**Information shown:**
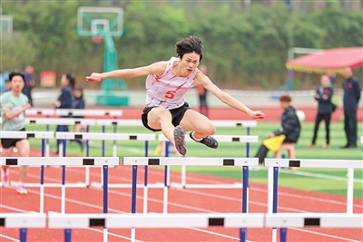 3月26日,四川省廣安市第十二屆學(xué)生運動會暨2026年青少年錦標(biāo)賽在華鎣市開幕。運動會設(shè)置田徑、游泳、足球、籃球、排球等12個競賽項目,覆蓋高中、初中、小學(xué)各年齡階段。來自廣安市各縣(市、區(qū))的青少年運動員將在3月至5月的賽程中,共同參與這場體育盛會。圖為3月27日,選手在賽場上參加跨欄比賽。邱海鷹 攝
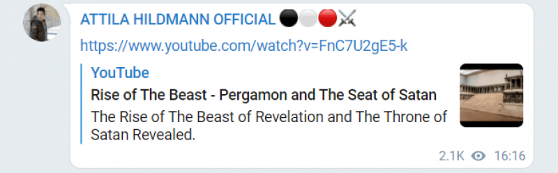 Hildmann beweert dat het Pergamon Museum het centrum is van het wereldwijde satanisme omdat het het oud-Griekse Pergamonaltaar herbergt. In augustus en september postte Hildmann nog berichten op de sociale media-app Telegram waarin hij suggereerde dat Duits bondskanselier Angela Merkel het altaar gebruikte voor "menselijke offers".
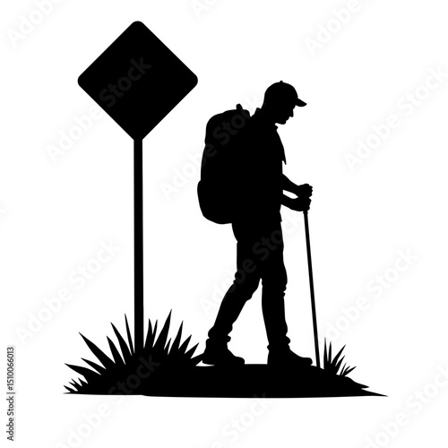 Silhouette of hiker with backpack near roadside sign, black and white travel adventure
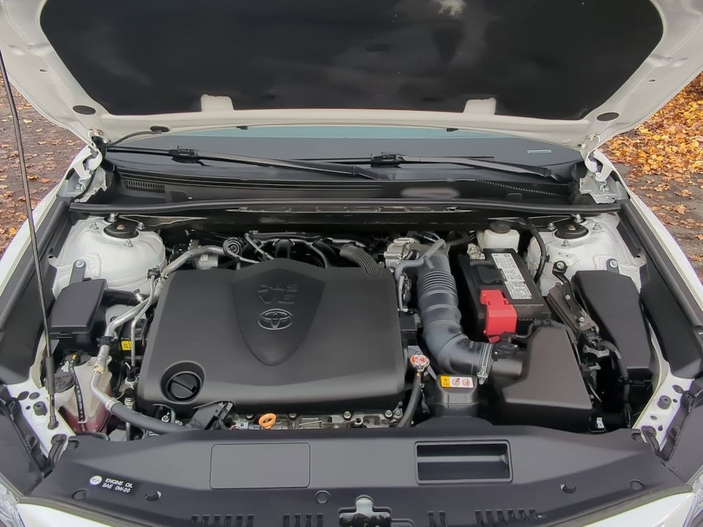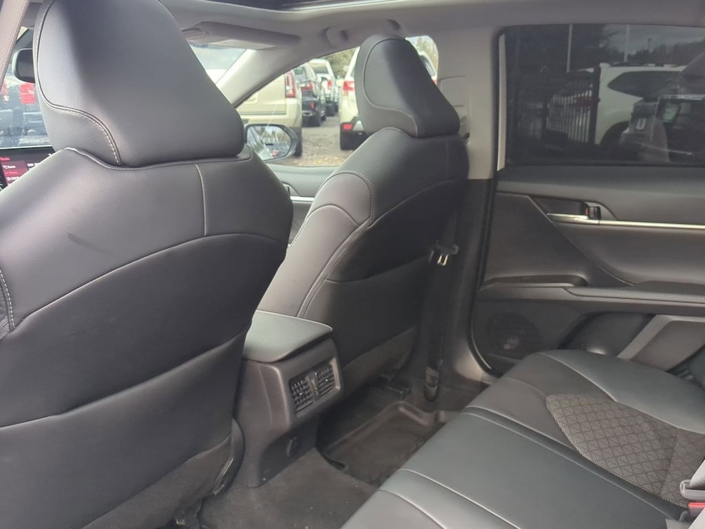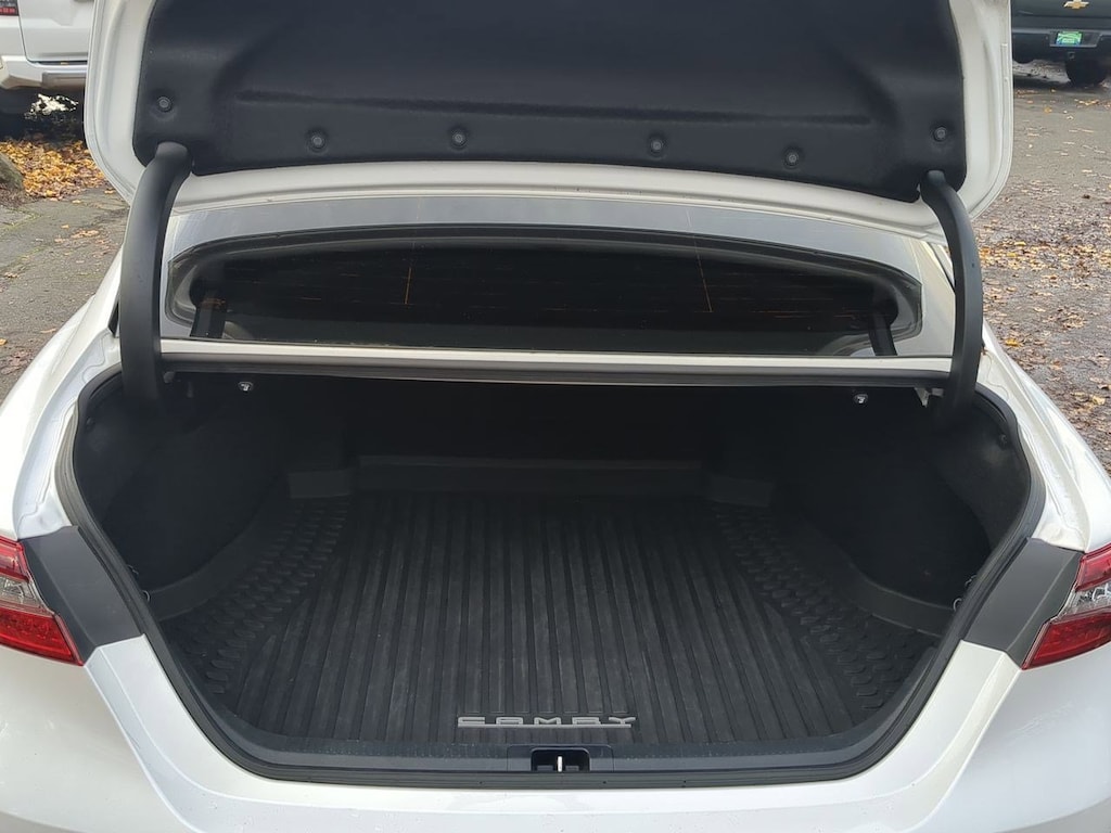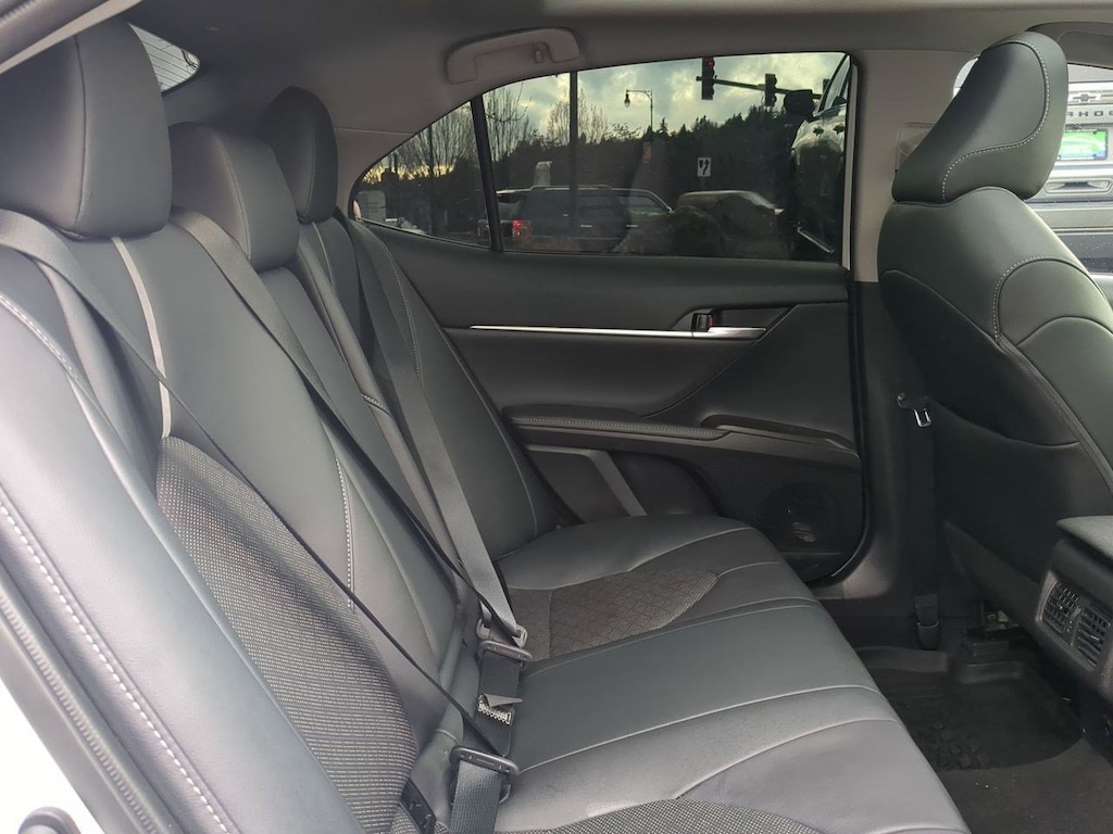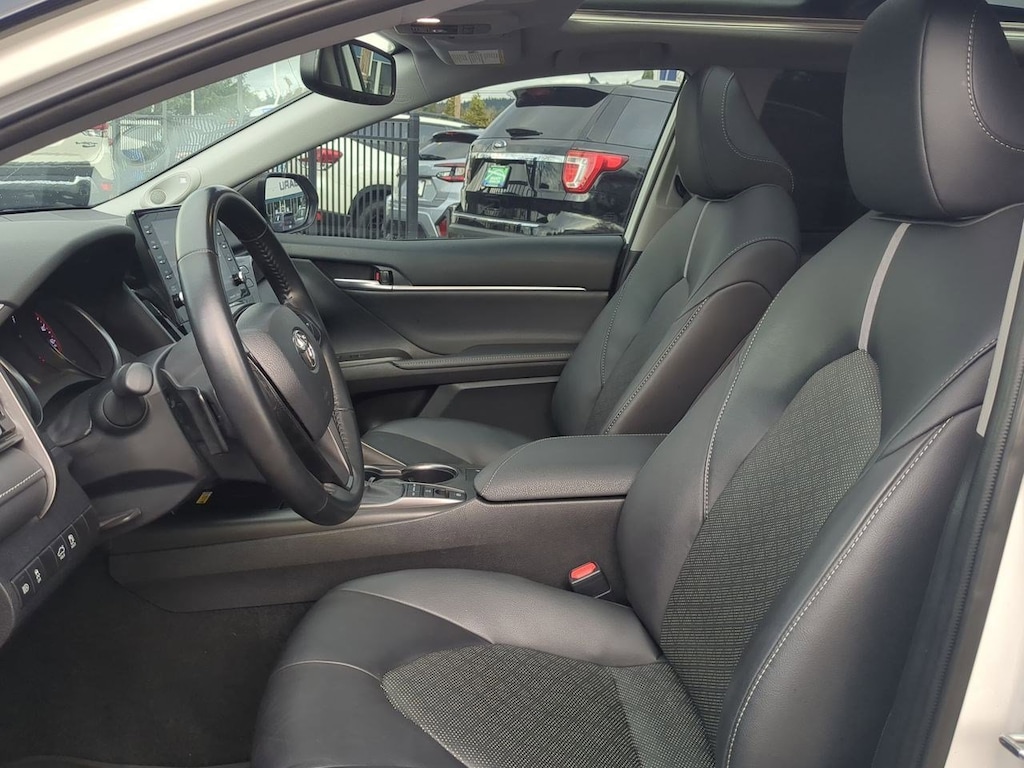 Leather, 4-Wheel Disc Brakes, 9 Speakers, ABS brakes, Air Conditioning, Alloy wheels, AM/FM radio: SiriusXM, Apple CarPlay/Android Auto, Auto High-beam Headlights, Auto-dimming Rear-View mirror, Automatic temperature control, Brake assist, Bumpers: body-color, Compass, Delay-off headlights, Driver door bin, Driver vanity mirror, Dual front impact airbags, Dual front side impact airbags, Electronic Stability Control, Emergency communication system: Safety Connect (1-year trial), Exterior Parking Camera Rear, Four wheel independent suspension, Front anti-roll bar, Front Bucket Seats, Front Center Armrest, Front dual zone A/C, Front reading lights, Fully automatic headlights, Garage door transmitter: HomeLink, Heads-Up Display, Heated door mirrors, Heated front seats, Illuminated entry, Knee airbag, Leather steering wheel, Low tire pressure warning, Multi-Stage Heated Front Bucket Seats, Occupant sensing airbag, Outside temperature display, Overhead airbag, Overhead console, Panic alarm, Passenger door bin, Passenger vanity mirror, Perforated Leather Seat Trim, Power door mirrors, Power driver seat, Power moonroof, Power passenger seat, Power steering, Power windows, Radio data system, Radio: Audio Plus w/JBL, Rear anti-roll bar, Rear reading lights, Rear seat center armrest, Rear side impact airbag, Rear window defroster, Remote keyless entry, Security system, Speed control, Speed-sensing steering, Split folding rear seat, Spoiler, Steering wheel mounted audio controls, Tachometer, Telescoping steering wheel, Tilt steering wheel, Traction control, Trip computer, Turn signal indicator mirrors, Variably intermittent wipers, Wheels: 8.0J x 19 Alloy, Leather. Pearl 2023 Toyota Camry XSE V6 FWD 8-Speed Automatic 3.5L V6 DOHC 24V

**Required action:** Please return exactly the lines above, from where the listing starts to the line holding "Silhouette of hiker", inclusive, with the pictures omitted.

**Answer to the exercise:**
 3月26日,四川省廣安市第十二屆學(xué)生運動會暨2026年青少年錦標(biāo)賽在華鎣市開幕。運動會設(shè)置田徑、游泳、足球、籃球、排球等12個競賽項目,覆蓋高中、初中、小學(xué)各年齡階段。來自廣安市各縣(市、區(qū))的青少年運動員將在3月至5月的賽程中,共同參與這場體育盛會。圖為3月27日,選手在賽場上參加跨欄比賽。邱海鷹 攝
 Hildmann beweert dat het Pergamon Museum het centrum is van het wereldwijde satanisme omdat het het oud-Griekse Pergamonaltaar herbergt. In augustus en september postte Hildmann nog berichten op de sociale media-app Telegram waarin hij suggereerde dat Duits bondskanselier Angela Merkel het altaar gebruikte voor "menselijke offers".
 Silhouette of hiker with backpack near roadside sign, black and white travel adventure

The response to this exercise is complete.